Examples of Technology Tools

  • Clickers - Student Response Systems or simply "Clickers" are wireless handheld devices that allow students to respond to classroom polls and quizzes, regardless of class size. Explore deeper with the Clicker Toolkit.
  • ePortfolios - are online collections of your work that allow you and your students to demonstrate your skills and interests to diverse audiences. Highly customizable, e-portfolios allow you to assemble subsets of your work to present to instructors, potential employers and others via login. Explore deeper with the ePortfolio Toolkit.
  • LMS - Learning Management System - is an information system that allows you to present a wide variety of instructional materials (text, audio, video, etc.), interact with students, facilitate peer-to-peer interaction and manage grades, all within a secure environment. UBC is moving from WebCT Vista to Blackboard, More about the LMS project. Other LMS tools include, Sakai, Moodle.
  • Wimba Classroom - is a web-based meeting tool that allows you to teach classes online in real-time. Features include chat, audio, video, content display, application sharing, whiteboard and polling. Wimba Classroom can be used inside and outside WebCT Vista. Explore deeper with the Wimba Classroom Toolkit. Note that UBC is moving from Wimba Classroom to Blackboard Collaborate.

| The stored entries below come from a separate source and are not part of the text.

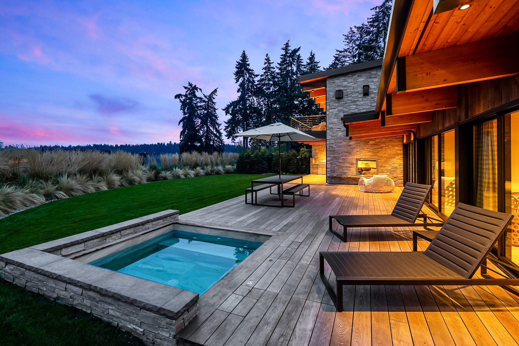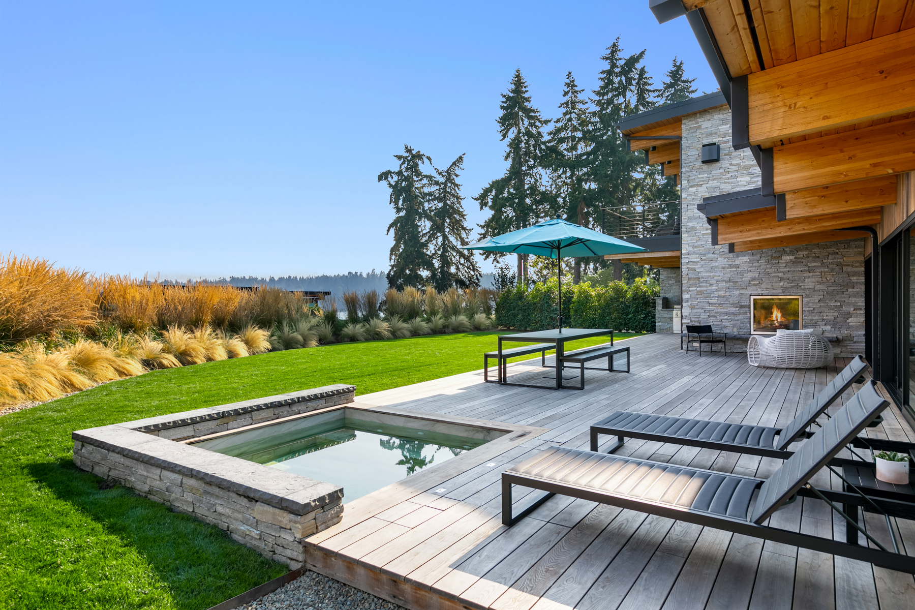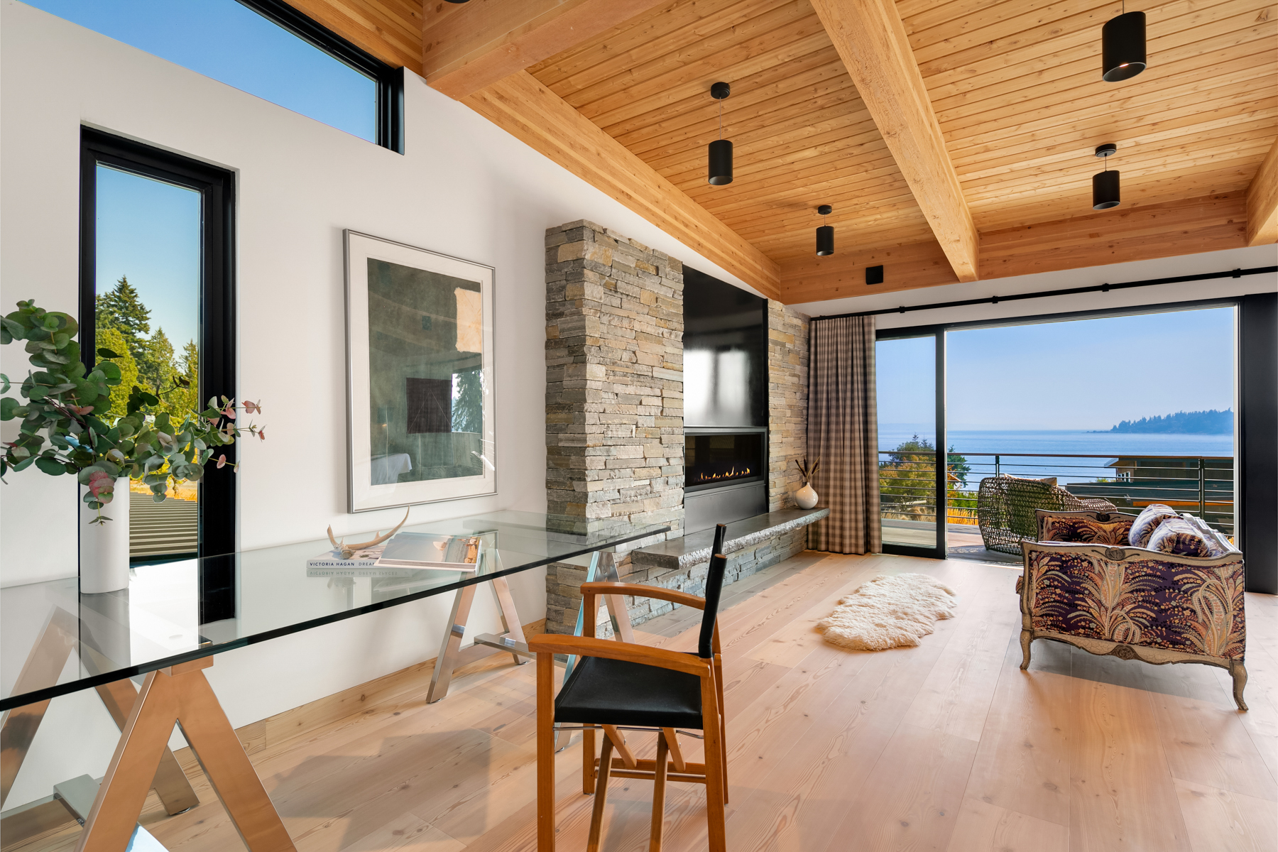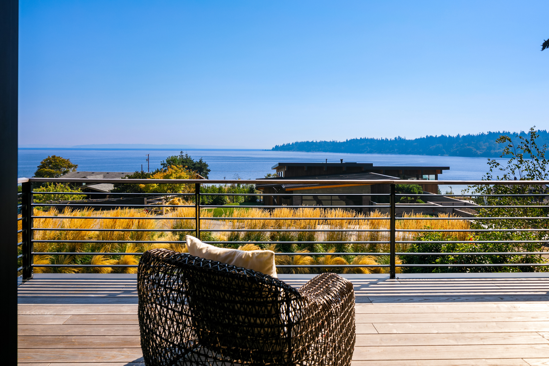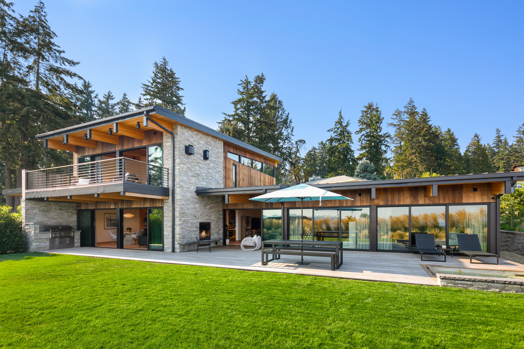 Welcome home to this stunning custom designed contemporary retreat and the peaceful water, island and city outlook. Thoughtfully built with exquisite attention to detail, filled with coveted south facing sunlight, the house features 3 en suite bedrooms and a chef's kitchen. Walls of glass open to an expansive wood deck with a heated saltwater plunge pool, a double sided gas fireplace and a built-in grill. Nestled in a small enclave of luxury homes with private deeded beach access, close to the shops in vibrant Rolling Bay, settle in and enjoy views of the serene gardens, the boating activity in Puget Sound, Mt. Rainier and the sparkling lights of the Seattle skyline.
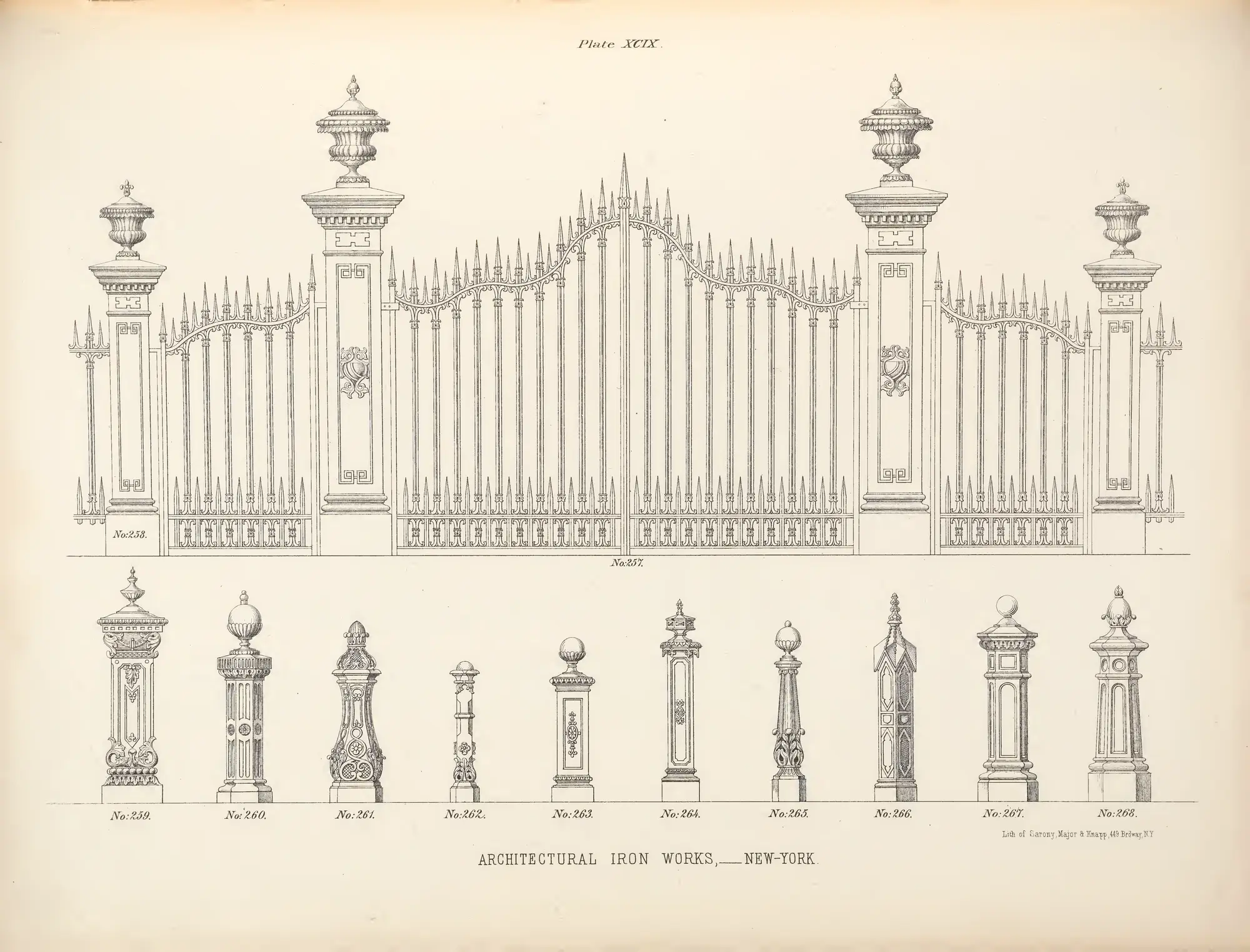 Neoclassical gate with Greek key and acanthus motifs, plus ten fence post designs in classical revival styles.
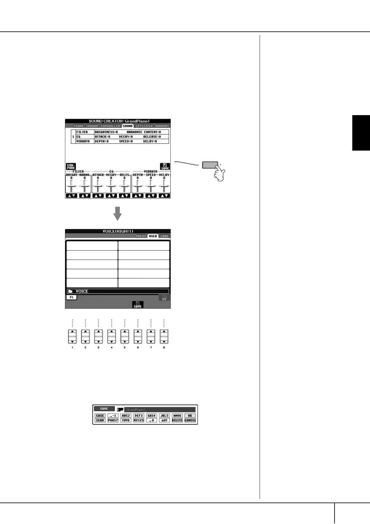 or SOUND CREATOR display, press the [SAVE] display button.
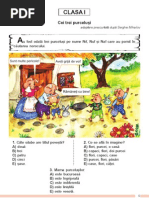 I. Ghici ghicitoarea mea: 4. i prin cas i pe afar; ori de cte ori se ntlnesc, tot mereu se 2. Subt un deal este o rp. sfdesc. 3. Am o cloc: 5. Ce nu pot s pun n noaptea i strnge puii, cuiu? iar ziua i trimite afar. 1. Am o gin pestri; duce vestea la Gheorghi. II. Zicei de multe ori: rup o crp crp, crp rupt... III. Ce e mai greu: un kilogram de ln ori un kilogram de fier? IV. Luai un ban i cinci bee de chibrituri. Aezai-le cum voii, ca s putei ridica banul i beioarele, innd de un singur chibrit. V. Isclii-v pe bnci cu litere mari de tipar fcute din beioare. VI. Cu aceste bucele de hrtie, facei o mas i 2 scaune:
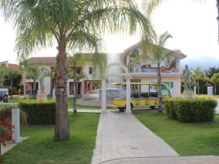 Rezeption mit Safe, Internet-Point, Bar, Garten, Poolbar, Strandbar, umzäunten Parkplatz mit elektronischem Tor, Münzwäscherei,
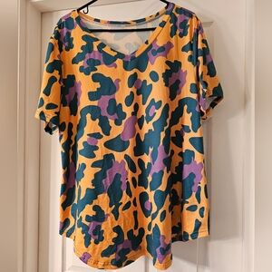 Vibrant V-neck T-shirt with a unique camouflage pattern. Features shades of purple, green, and yellow
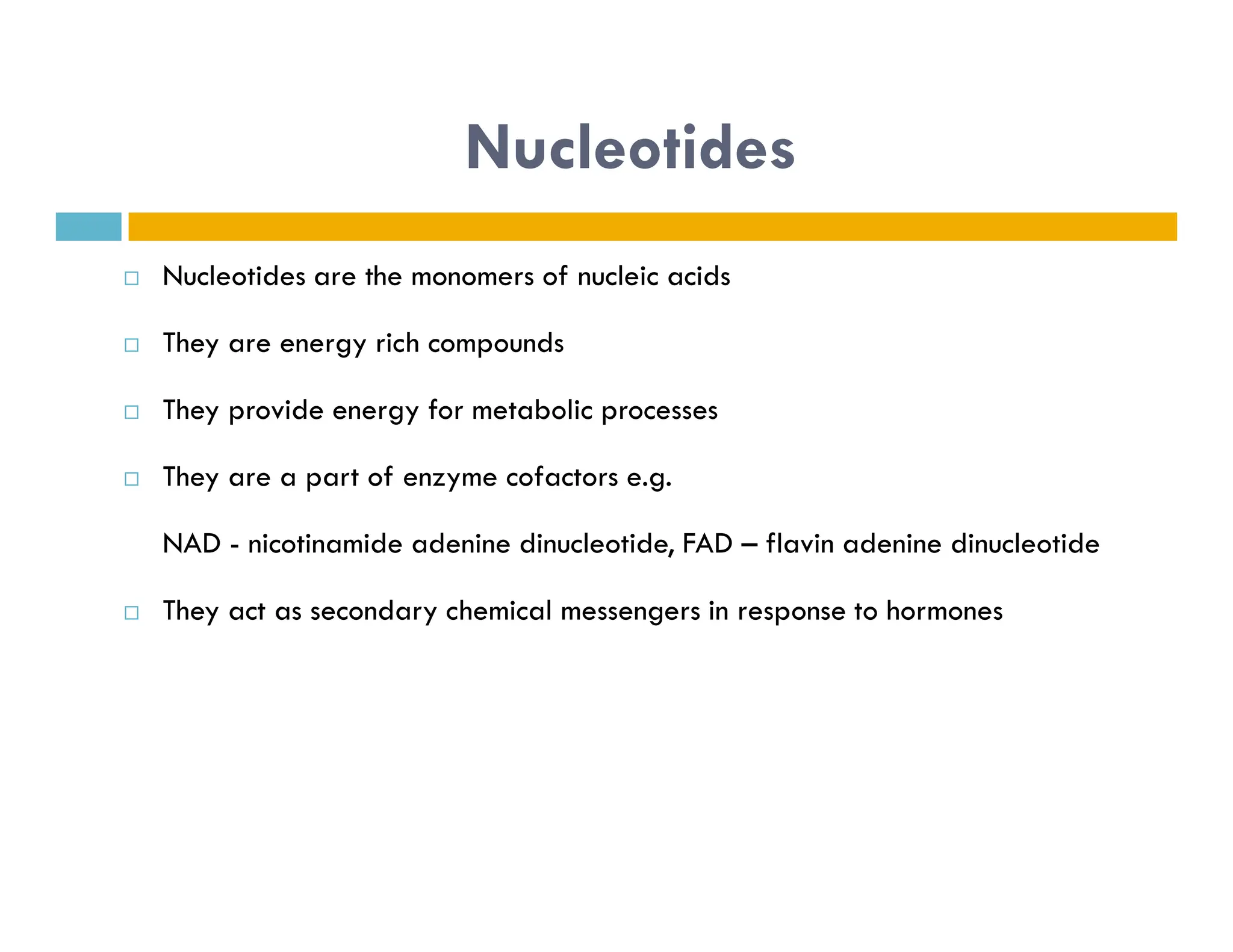 Nucleotides are monomers that make up nucleic acids like DNA and RNA. They consist of a nitrogenous base, a 5-carbon sugar (either deoxyribose or ribose), and phosphate groups. Nucleotides act as energy carriers in cells and are components of coenzymes. There are two main types of nucleic acids: DNA contains the genetic blueprint and is located in the nucleus, while RNA assists in decoding this information and protein synthesis. Both nucleic acids have specific structures like the DNA double helix formed by base pairing between nucleotides on complementary strands.
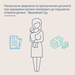 Допомога при народженні дитини за своєю природою є допомогою самій дитині, а не її батькам. Неможливість своєчасного звернення одним з батьків до органу, який здійснює призначення допомоги при народженні дитини, призводить до порушення інтересів дитини.
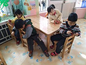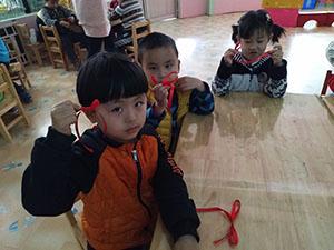 中二班的小朋友们在听过漂亮的蝴蝶结的故事后,大家都对系蝴蝶结跃跃欲试。今天小朋友们在老师一步一步的指导下开始练习系蝴蝶结了。首先在小椅子上练习绕圈系,然后大家边念儿歌边系蝴蝶结,“先绕一个圈,在然一个圈,两头交叉绕一绕,拉拉紧。”虽然有些不成功,但我们会继续加油的!
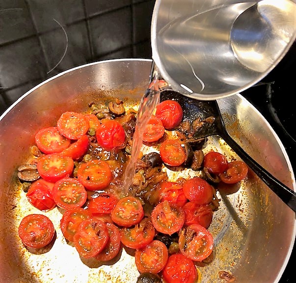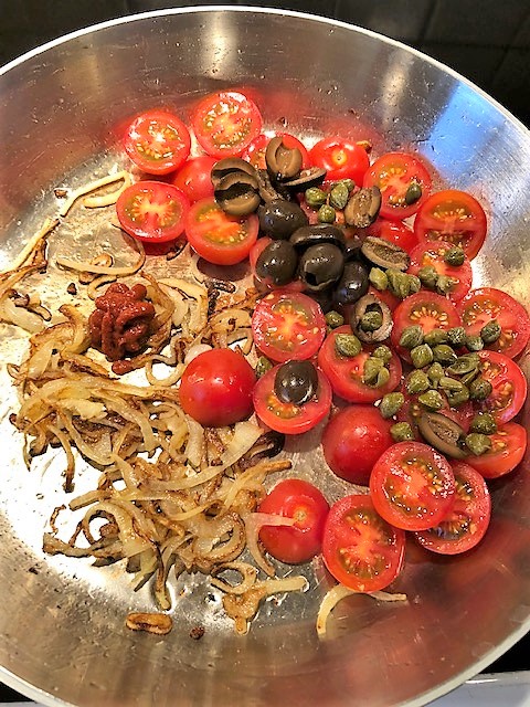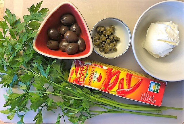 Tillsätt harissa, tomater, oliver, kapris och ½ tsk salt och låt puttra ihop 3-4 minuter under omrörning. Tillsätt 2 dl vatten och koka upp. Sänk sen värmen, lägg på locket och låt sjuda ca 10 minuter. Ta av locket och fortsätt småkoka ett par minuter till så att såsen tjocknar något. Rör i det mesta av persiljan och ta av från värmen.

  • Student Peer Review - Student peer review is a process modeled after scholarly peer review. Students are asked to submit work (typically written) and then evaluate the work of their peers. UBC has access to three systems: Calibrated Peer Review (CPR), iPeer, and Turnitin's PeerMark. Explore deeper with the Student Peer Review Toolkit
  • Wikis - A wiki is a collaborative website which can be directly edited by anyone with access to it. UBC has a CWL-enabled site http://wiki.ubc.ca A great resource is 7 Things You Should Know About Wikis. Explore deeper with the Wiki Toolkit
  • Blogs - Weblogs offer a means to narrate your work online. Hundreds of webloggers at UBC are exploiting the simplicity and flexibility of their tools for a wide range of uses: instructors use them to communicate with their students, researchers track their progress and communicate with peers around the world, and project managers post updates and documents. UBC offers blogs at http://blogs.ubc.ca or you can user external sites like http://www.wordpress.com or http://www.blogger.com/ Explore deeper with the Blogs Toolkit
  • RSS - is a family of web feed formats used to publish frequently updated content such as blog entries, news headlines and podcasts in a standardized format. A RSS document, called a web feed, contains either a summary of content from an associated website or the full text. RSS makes it possible for people to keep up with websites in an automated manner.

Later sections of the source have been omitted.